> **Exercise requirements**: Nothing but the text should be carried over: reproduce all the data exactly and leave out every image.

::: Data for this exercise :::

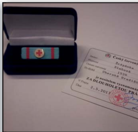
Ocenění za dlouholetou práci v ČČK
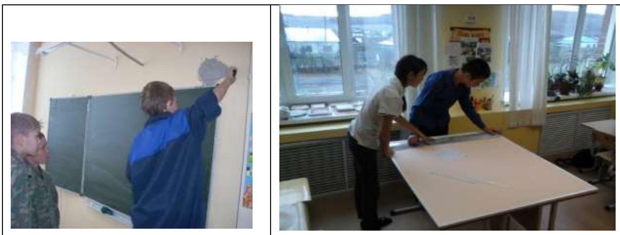
Акция «Подарок жителям деревни!»

Содержание деятельности: изготовление стендов, оформление их кармашками для информационного материала в едином стиле образовательного учреждения; косметический ремонт внутри помещения школы (шпатлевание стен, покраска).
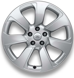
20" S O 7 LÚČMI, VZOR 7020 1 , LESKLÉ STRIEBORNÉ Štandardná výbava pre S
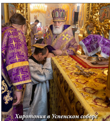
Хиротония в Успенском соборе

14 сентября митрополит Крутицкий и Коломенский Павел совершил
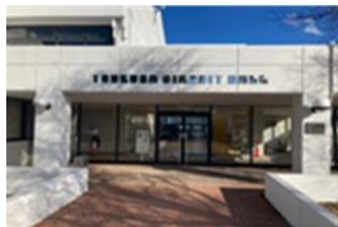
エントラント (外壁塗装)
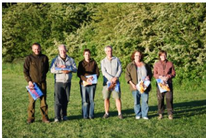
2. pladsen gik til Jagt begynder
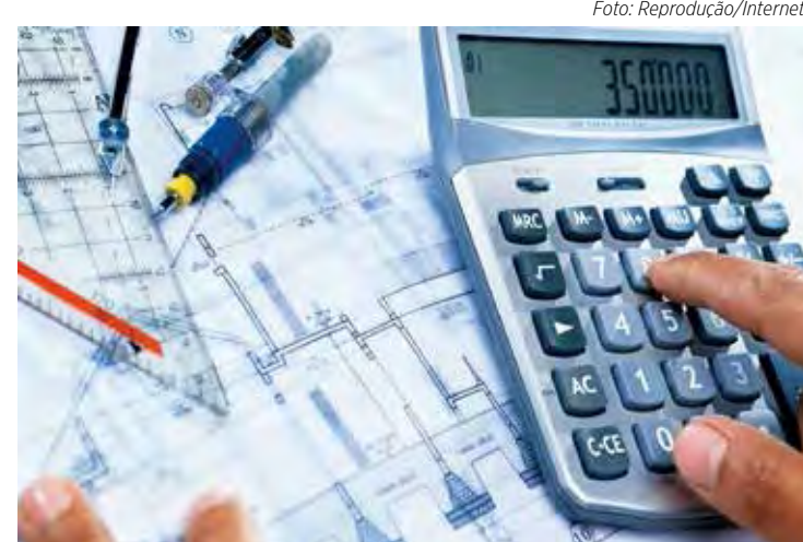
O ideal é definir um orçamento para a obra listando todos os gastos
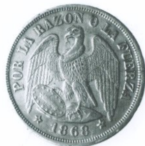
250. 1 Peso 1868 Reverso
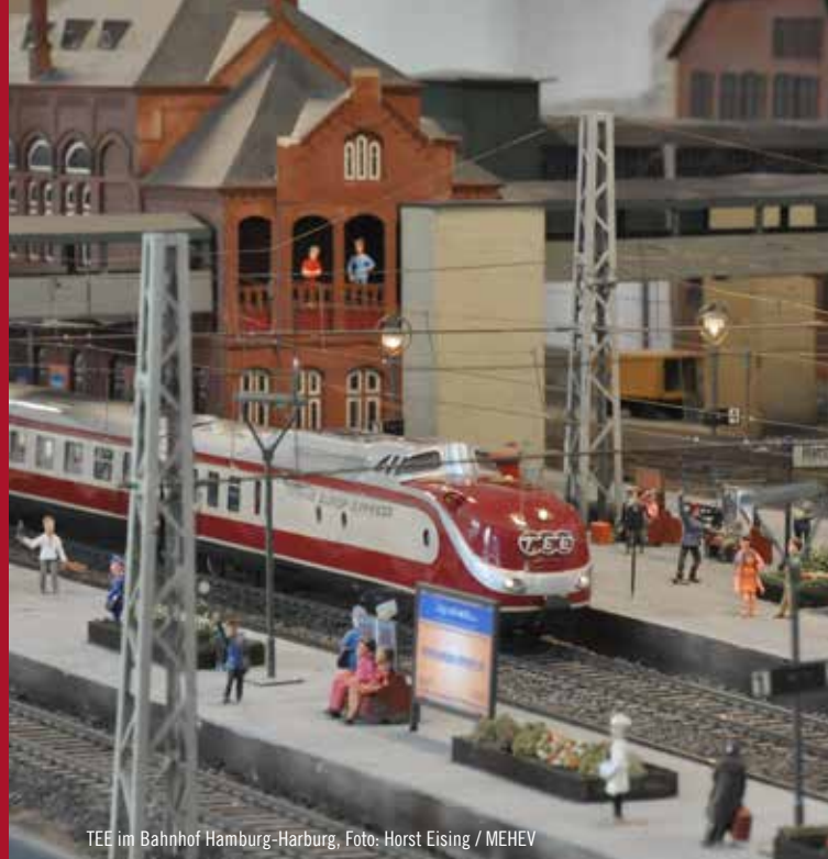
TEE im Bahnhof Hamburg-Harburg, Foto: Horst Eising / MEHEV

Bei Vorlage der Eintrittskarte vom Miniaturwunderland oder vom Hamburg Museum erhalten Besucher im Zeitraum von 30 Tagen einen einmaligen ermäßigten Eintritt im Partnermuseum.
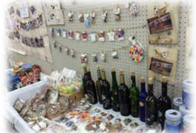
リユース作品の数々！

:::

> **Solution for this problem**:
Ocenění za dlouholetou práci v ČČK
Акция «Подарок жителям деревни!»

Содержание деятельности: изготовление стендов, оформление их кармашками для информационного материала в едином стиле образовательного учреждения; косметический ремонт внутри помещения школы (шпатлевание стен, покраска).
20" S O 7 LÚČMI, VZOR 7020 1 , LESKLÉ STRIEBORNÉ Štandardná výbava pre S
Хиротония в Успенском соборе

14 сентября митрополит Крутицкий и Коломенский Павел совершил
エントラント (外壁塗装)
2. pladsen gik til Jagt begynder
O ideal é definir um orçamento para a obra listando todos os gastos
250. 1 Peso 1868 Reverso
TEE im Bahnhof Hamburg-Harburg, Foto: Horst Eising / MEHEV

Bei Vorlage der Eintrittskarte vom Miniaturwunderland oder vom Hamburg Museum erhalten Besucher im Zeitraum von 30 Tagen einen einmaligen ermäßigten Eintritt im Partnermuseum.
リユース作品の数々！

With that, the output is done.